## Study material
BEGIN

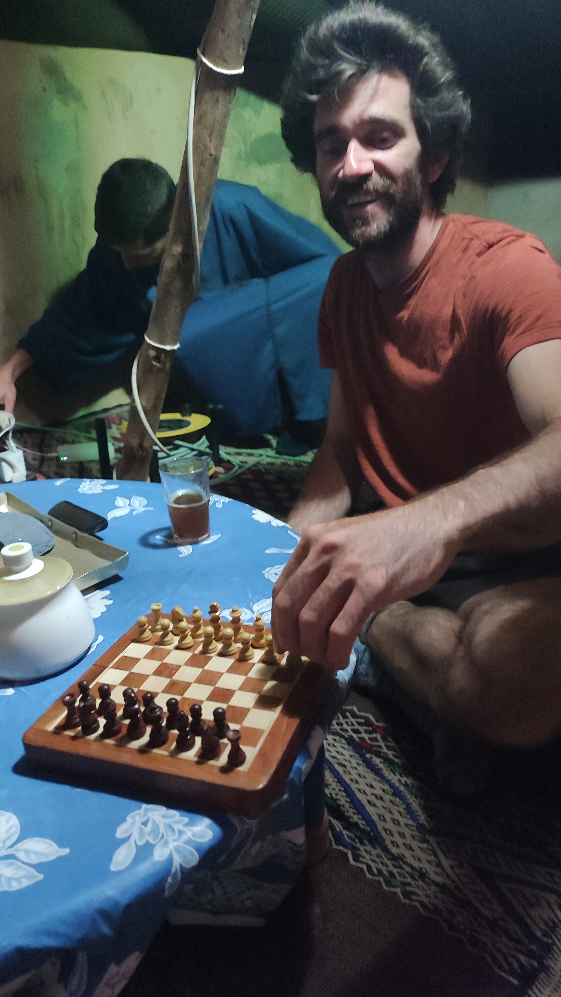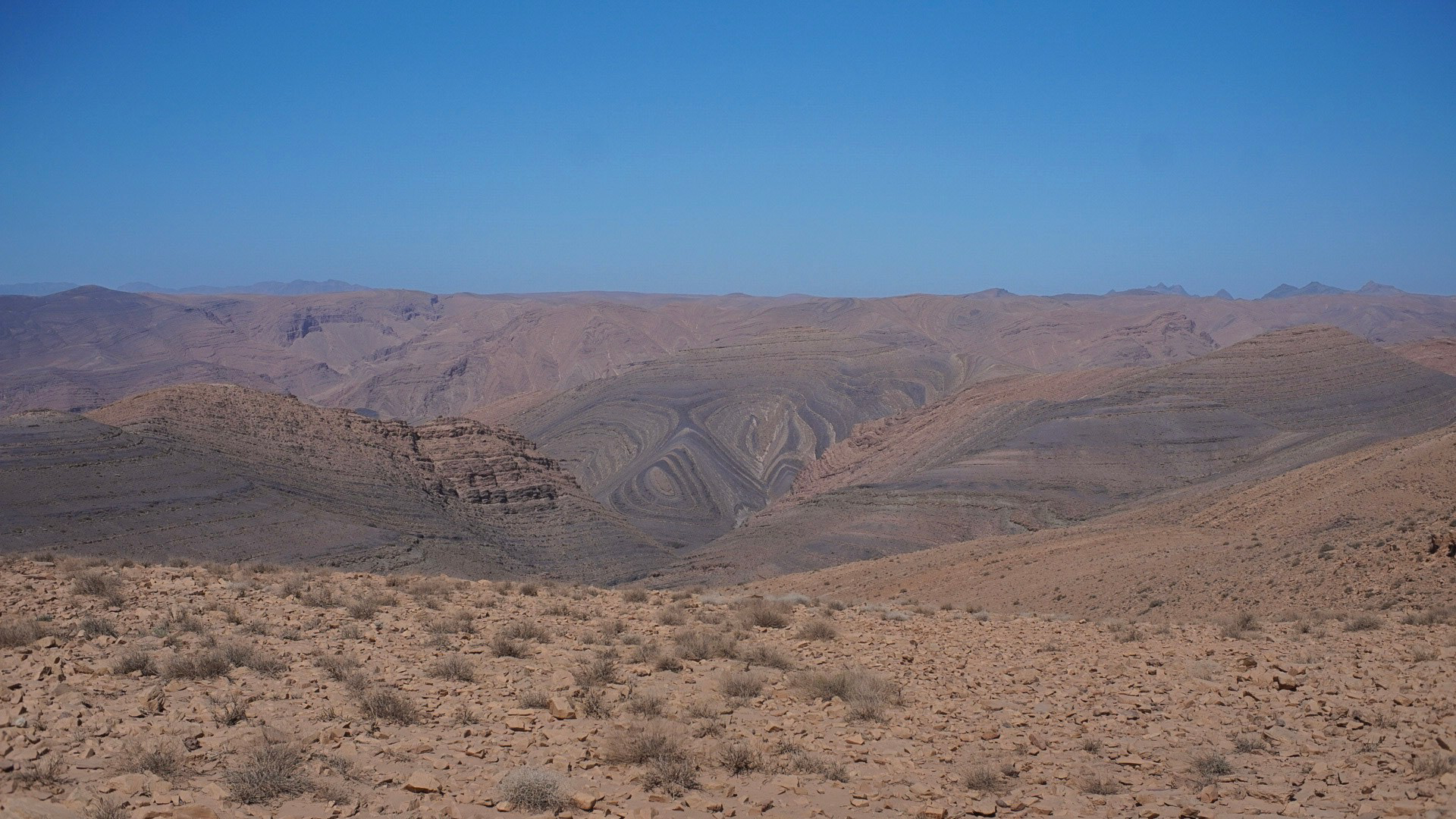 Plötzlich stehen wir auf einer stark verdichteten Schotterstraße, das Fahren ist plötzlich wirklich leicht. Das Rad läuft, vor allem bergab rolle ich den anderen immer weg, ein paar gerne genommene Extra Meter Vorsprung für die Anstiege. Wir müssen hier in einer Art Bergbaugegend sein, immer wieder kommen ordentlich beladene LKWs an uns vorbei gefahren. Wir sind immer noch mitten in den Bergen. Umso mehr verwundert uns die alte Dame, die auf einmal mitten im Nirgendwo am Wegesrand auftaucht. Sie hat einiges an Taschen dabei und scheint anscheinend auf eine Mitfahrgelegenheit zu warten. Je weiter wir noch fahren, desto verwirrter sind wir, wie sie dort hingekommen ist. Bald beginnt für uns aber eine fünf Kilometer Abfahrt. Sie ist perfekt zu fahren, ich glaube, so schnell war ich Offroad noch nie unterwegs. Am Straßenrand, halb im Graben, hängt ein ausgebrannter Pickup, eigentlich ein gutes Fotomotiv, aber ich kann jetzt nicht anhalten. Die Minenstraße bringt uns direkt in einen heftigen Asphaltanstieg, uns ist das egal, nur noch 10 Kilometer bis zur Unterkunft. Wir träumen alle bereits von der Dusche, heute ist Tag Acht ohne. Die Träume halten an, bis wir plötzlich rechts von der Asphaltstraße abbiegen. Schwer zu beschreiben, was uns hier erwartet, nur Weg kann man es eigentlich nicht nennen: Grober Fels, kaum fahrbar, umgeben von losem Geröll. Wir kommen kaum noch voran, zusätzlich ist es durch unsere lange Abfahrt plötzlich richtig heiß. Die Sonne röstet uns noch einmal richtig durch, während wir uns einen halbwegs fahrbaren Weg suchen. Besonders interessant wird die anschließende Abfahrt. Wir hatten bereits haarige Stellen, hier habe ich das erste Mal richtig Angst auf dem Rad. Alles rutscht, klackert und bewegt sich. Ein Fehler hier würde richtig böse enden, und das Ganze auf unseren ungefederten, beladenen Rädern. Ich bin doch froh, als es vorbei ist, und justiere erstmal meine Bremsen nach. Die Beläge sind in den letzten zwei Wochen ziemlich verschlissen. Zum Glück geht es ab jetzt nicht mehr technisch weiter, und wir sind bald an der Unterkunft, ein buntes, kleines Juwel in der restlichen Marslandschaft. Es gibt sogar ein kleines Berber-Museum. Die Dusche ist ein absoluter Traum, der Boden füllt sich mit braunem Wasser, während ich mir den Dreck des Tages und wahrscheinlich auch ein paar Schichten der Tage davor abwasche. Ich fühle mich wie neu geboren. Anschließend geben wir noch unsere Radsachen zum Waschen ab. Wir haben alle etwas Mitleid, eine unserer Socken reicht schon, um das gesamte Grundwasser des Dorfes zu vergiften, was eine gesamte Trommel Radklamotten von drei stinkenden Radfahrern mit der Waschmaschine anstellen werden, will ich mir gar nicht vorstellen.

END
BEGIN

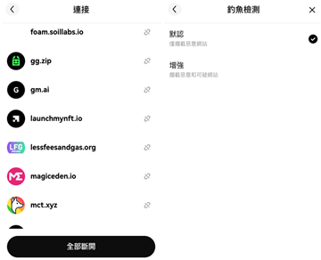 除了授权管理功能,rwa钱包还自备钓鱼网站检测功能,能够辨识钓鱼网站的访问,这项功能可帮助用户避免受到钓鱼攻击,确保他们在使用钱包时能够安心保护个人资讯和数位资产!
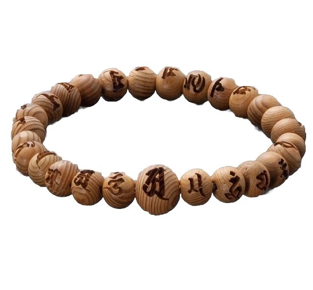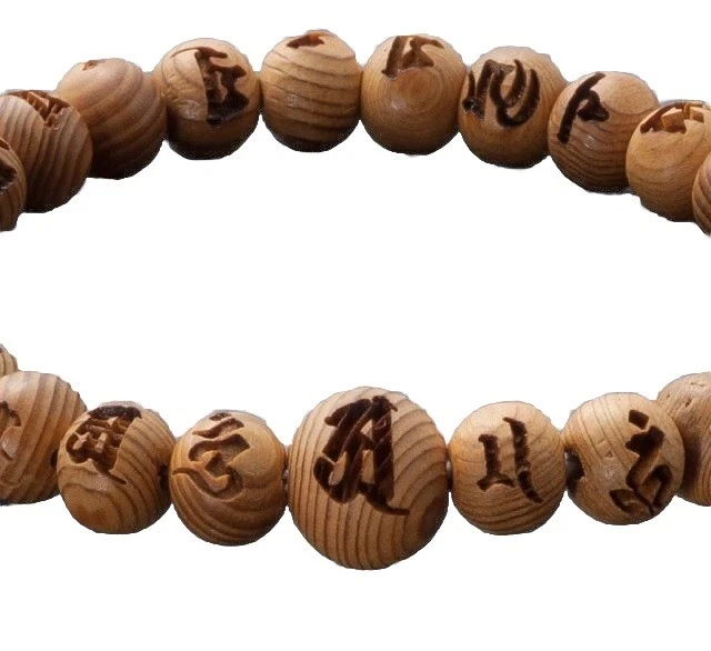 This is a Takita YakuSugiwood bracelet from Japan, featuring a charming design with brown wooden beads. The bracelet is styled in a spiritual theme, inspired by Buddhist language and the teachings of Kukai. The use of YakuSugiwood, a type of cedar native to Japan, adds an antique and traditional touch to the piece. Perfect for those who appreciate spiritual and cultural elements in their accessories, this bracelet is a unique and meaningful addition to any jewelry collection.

END
BEGIN

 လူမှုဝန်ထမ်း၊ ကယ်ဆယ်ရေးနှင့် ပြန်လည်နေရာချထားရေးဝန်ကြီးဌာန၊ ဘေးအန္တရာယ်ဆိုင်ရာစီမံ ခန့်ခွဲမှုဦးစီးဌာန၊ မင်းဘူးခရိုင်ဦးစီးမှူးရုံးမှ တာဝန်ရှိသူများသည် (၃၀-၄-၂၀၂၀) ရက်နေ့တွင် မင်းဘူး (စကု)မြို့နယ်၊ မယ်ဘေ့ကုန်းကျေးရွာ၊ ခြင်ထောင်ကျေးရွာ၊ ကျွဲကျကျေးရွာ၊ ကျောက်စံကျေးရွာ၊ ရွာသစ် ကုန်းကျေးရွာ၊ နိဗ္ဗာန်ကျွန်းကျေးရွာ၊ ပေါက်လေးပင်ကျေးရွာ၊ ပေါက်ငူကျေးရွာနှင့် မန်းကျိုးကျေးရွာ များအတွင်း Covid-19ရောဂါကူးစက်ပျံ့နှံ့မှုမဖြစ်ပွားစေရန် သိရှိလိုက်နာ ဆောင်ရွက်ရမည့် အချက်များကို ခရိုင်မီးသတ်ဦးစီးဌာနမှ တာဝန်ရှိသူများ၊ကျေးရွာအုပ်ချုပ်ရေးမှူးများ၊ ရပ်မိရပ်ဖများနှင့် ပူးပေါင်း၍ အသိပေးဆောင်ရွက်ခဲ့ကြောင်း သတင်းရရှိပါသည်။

END

## What you will do
Copy exactly the part of the material above that opens with the line containing "除了授权管理功能,rwa钱包" and closes with the line containing "This is a Takita", ends included. Drop the images.

## Expected answer
 除了授权管理功能,rwa钱包还自备钓鱼网站检测功能,能够辨识钓鱼网站的访问,这项功能可帮助用户避免受到钓鱼攻击,确保他们在使用钱包时能够安心保护个人资讯和数位资产!
 This is a Takita YakuSugiwood bracelet from Japan, featuring a charming design with brown wooden beads. The bracelet is styled in a spiritual theme, inspired by Buddhist language and the teachings of Kukai. The use of YakuSugiwood, a type of cedar native to Japan, adds an antique and traditional touch to the piece. Perfect for those who appreciate spiritual and cultural elements in their accessories, this bracelet is a unique and meaningful addition to any jewelry collection.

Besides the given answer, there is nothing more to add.